Strindberg's slot in March was taken over by one of the 'others', an old favourite of mine, the Swedish Nobel Laureate Pär Lagerkvist. It must have been more than fifty years since I first read his novel Barabbas, the story about the crucifixion seen from the point of view of Barabbas, the evil-doer who was released instead of Christ.
‘Everyone knows how they hung there on their crosses,’ writes Lagerkvist. It may have been true in many western countries fifty years ago but the story cannot be expected to have the same familiar feel today when most people are not obliged to study the Bible at school or necessarily attend Sunday school where they might learn about the most famous stories from the Bible.
Lagerkvist introduces the disciples, Lazarus, Mary Magdalene but without naming them. We simply assume that they are these well-known figures from the New Testament, judging by their speeches and actions. So what is the point of retelling a story that is already covered in four gospels?

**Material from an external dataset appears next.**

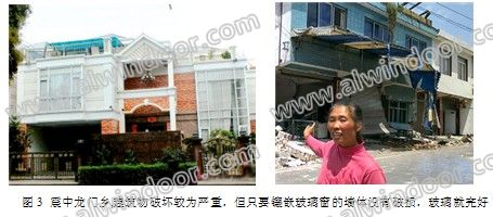蘆山縣的龍門鄉(xiāng)雖然是震中,烈度達(dá)到9度,破壞較為嚴(yán)重,但還是有許多保存完好的建筑。即使是受破壞的建筑,只要直接鑲嵌玻璃窗的墻體沒有損害,相應(yīng)其窗也完好 ( 圖3 ) 。

Lagerkvist, who had been brought up in a pious home with a non-conformist religion, was put off by the claustrophobic atmosphere in the halls and churches he used to attend as a child. He called himself an atheist believer. He was certainly an agnostic, but throughout this slim novel there is quite clearly a longing for a god, for communion with other people who have a faith. Barabbas is baffled and visibly shocked by Christ's death. He watches that thin ‘rabbi’ on the cross and can't understand how he ended up there. A weakling who could not even carry his own cross but who had to let Simon of Cyrene do it for him. Barabbas cannot imagine Christ committing the kind of crimes which would call for the worst death penalty imaginable, so he lingers on Golgotha and watches the crucifixion and observes the people surrounding the cross. He can't help thinking that if it had been him hanging there on a cross there would not have been such a crowd watching. After this shattering experience his old friends do not hold such fascination for him any more. He goes back to their den and drinks with his old companions and makes love to his favourite whore, but he is not himself and he can't let himself go like the others. His curiosity brings him to the disciples and he starts talking to them about Golgotha. When they realise who he is they curse him and don't want any more to do with him but Barabbas goes to the place where Christ had been buried amongst the rocks and there he waits to see if Christ is going to rise from the dead like he said he would. Barabbas doesn't believe he will but he goes there all the same and finds a woman there, waiting for the resurrection. She actually sees an angel descending from heaven and it is her story that Barabbas repeats when he is chained to a Christian slave in the copper mines later. The slave reveres Barabbas because he has seen God, he was there when it happened. The kindness that he receives from the woman and his fellow slave gradually softens him and when the slave dies for his faith Barabbas is visibly moved and, for the first time in his life, he feels compassion. The book cleverly argues that goodness spreads and it is the chain reaction of goodness which gives us hope for peace and love among people.
This novel was translated and adapted for the stage by me and presented as an Easter drama at the Swedish church on Palm Sunday 2012.